### EXERCISE
If a line of the records contains the string "with", copy it out.

Top of RECORDS FOR THE TASK

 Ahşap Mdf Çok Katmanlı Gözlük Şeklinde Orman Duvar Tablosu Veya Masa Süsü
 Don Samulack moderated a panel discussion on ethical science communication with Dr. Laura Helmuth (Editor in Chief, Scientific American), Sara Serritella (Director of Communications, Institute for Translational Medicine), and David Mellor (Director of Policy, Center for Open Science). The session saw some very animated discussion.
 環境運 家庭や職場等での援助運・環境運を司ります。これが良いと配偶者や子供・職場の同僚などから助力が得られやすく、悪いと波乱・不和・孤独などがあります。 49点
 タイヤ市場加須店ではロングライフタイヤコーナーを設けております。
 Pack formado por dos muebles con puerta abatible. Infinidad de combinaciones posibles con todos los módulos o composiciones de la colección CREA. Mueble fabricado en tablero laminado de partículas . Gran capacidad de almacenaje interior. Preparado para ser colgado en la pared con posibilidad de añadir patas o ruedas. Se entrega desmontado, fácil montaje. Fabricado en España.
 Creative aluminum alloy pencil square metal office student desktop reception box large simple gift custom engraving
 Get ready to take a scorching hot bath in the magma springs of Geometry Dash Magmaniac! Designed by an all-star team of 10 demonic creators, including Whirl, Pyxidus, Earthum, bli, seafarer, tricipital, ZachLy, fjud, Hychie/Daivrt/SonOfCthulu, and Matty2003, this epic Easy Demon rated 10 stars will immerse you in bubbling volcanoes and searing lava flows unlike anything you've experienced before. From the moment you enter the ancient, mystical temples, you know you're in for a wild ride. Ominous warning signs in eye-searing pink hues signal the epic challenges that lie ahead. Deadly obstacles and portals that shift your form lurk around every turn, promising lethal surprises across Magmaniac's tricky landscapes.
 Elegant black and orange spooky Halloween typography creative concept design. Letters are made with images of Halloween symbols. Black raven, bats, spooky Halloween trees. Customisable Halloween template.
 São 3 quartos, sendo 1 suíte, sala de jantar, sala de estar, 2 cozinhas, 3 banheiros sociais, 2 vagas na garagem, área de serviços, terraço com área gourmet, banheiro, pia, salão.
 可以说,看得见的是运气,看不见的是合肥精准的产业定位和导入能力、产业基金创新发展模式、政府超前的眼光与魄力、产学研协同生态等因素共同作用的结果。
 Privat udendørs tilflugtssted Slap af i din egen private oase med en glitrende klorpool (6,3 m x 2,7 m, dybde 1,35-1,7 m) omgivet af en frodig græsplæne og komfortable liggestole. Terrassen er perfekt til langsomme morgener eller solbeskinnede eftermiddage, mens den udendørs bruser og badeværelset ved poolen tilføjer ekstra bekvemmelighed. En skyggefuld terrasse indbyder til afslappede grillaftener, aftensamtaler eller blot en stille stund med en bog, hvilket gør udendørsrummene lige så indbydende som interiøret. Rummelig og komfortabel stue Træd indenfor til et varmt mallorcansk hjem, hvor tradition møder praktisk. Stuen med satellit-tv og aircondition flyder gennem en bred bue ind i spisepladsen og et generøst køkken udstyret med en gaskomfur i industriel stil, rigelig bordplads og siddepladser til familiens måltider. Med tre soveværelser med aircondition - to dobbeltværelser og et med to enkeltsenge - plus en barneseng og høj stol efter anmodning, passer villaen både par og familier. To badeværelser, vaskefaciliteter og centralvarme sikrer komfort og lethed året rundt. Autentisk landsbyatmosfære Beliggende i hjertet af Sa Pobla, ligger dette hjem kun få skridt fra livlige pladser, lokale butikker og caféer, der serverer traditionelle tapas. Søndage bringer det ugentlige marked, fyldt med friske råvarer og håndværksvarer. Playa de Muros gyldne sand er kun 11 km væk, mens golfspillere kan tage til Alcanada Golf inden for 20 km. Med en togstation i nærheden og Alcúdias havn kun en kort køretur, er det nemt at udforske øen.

Bottom of RECORDS FOR THE TASK

### ANSWER BELOW
 Don Samulack moderated a panel discussion on ethical science communication with Dr. Laura Helmuth (Editor in Chief, Scientific American), Sara Serritella (Director of Communications, Institute for Translational Medicine), and David Mellor (Director of Policy, Center for Open Science). The session saw some very animated discussion.
 Elegant black and orange spooky Halloween typography creative concept design. Letters are made with images of Halloween symbols. Black raven, bats, spooky Halloween trees. Customisable Halloween template.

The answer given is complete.